TASK TO COMPLETE:
Don't include pictures. Quote the lines below from the first through the line that contains "MC brand Ajrakh".
━━ GIVEN MATERIAL
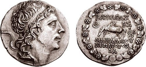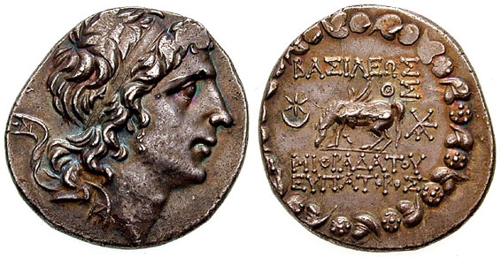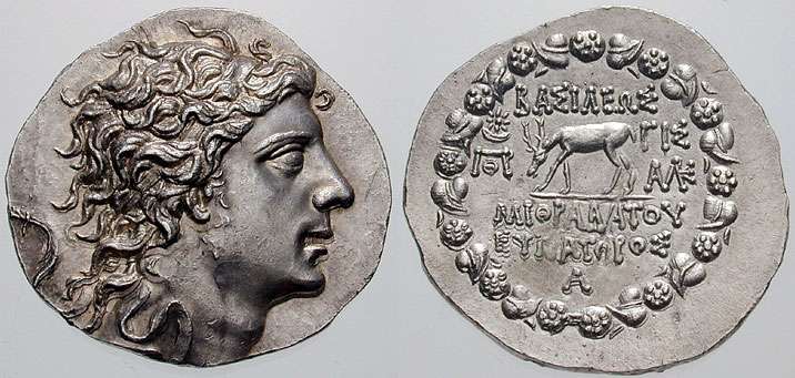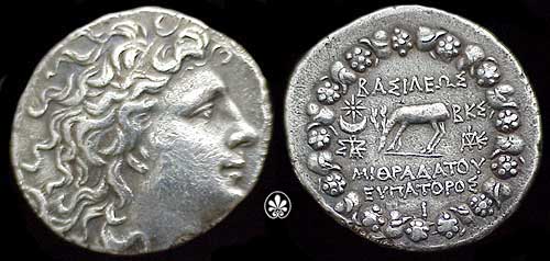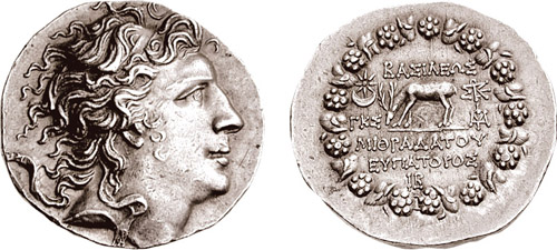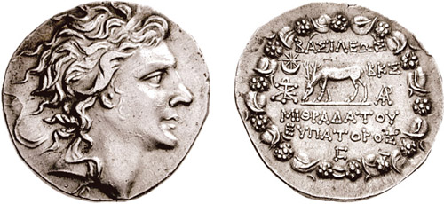 | BMC 4 | Pontic Kingdom, Mithradates VI AR Tetradrachm. Diademed head right / BAΣIΛEΩΣ MIΘΡAΔATOY EYΠATOΡOΣ above and beneath Pegasus grazing left, star in crescent in upper left field, ΡXA monogram to right, all within Dionysiac wreath of ivy leaves and fruit. | Text | Image | |
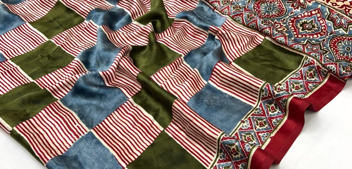 MC brand Ajrakh Luxe present new launching print Ajrakh satin crepe collection wholesaler and manufacturer in Surat
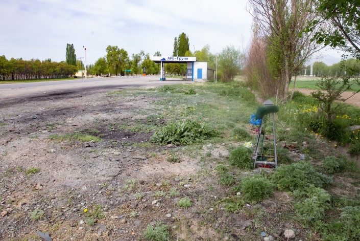 Лишь в прошлом июне населенный пункт прогремел в новостях - мощнейший взрыв на газозаправочной станции унес жизни мужчины и его маленького сына. У дороги на месте взрыва - импровизированный памятник с детской машинкой, а пыль под ногами имеет черный оттенок. Удивляет, что сажа не вымылась с дождями и снегом за 11 месяцев со дня трагедии.
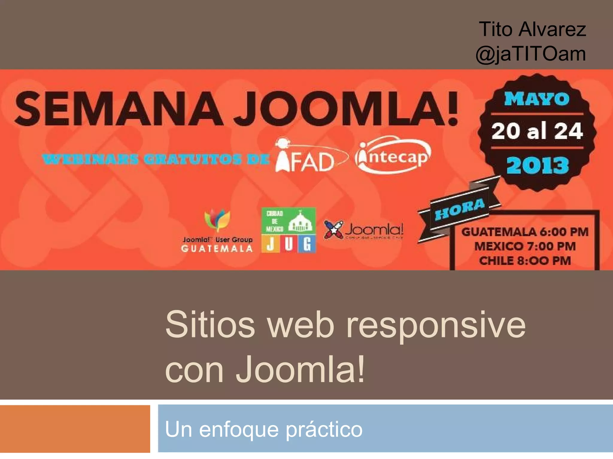 El documento aborda el desarrollo de sitios web responsive utilizando Joomla!, destacando la incorporación de Bootstrap en Joomla 3 para facilitar el diseño adaptable. Se presentan conceptos clave del responsive web design, como el uso de planos responsive, la ocultación de información y la consideración del tamaño de los dedos al diseñar para dispositivos móviles. Además, se mencionan diversas plantillas y frameworks que permiten lograr un diseño responsive efectivo en Joomla.
━━━━
TASK RESULT:
 | BMC 4 | Pontic Kingdom, Mithradates VI AR Tetradrachm. Diademed head right / BAΣIΛEΩΣ MIΘΡAΔATOY EYΠATOΡOΣ above and beneath Pegasus grazing left, star in crescent in upper left field, ΡXA monogram to right, all within Dionysiac wreath of ivy leaves and fruit. | Text | Image | |
 MC brand Ajrakh Luxe present new launching print Ajrakh satin crepe collection wholesaler and manufacturer in Surat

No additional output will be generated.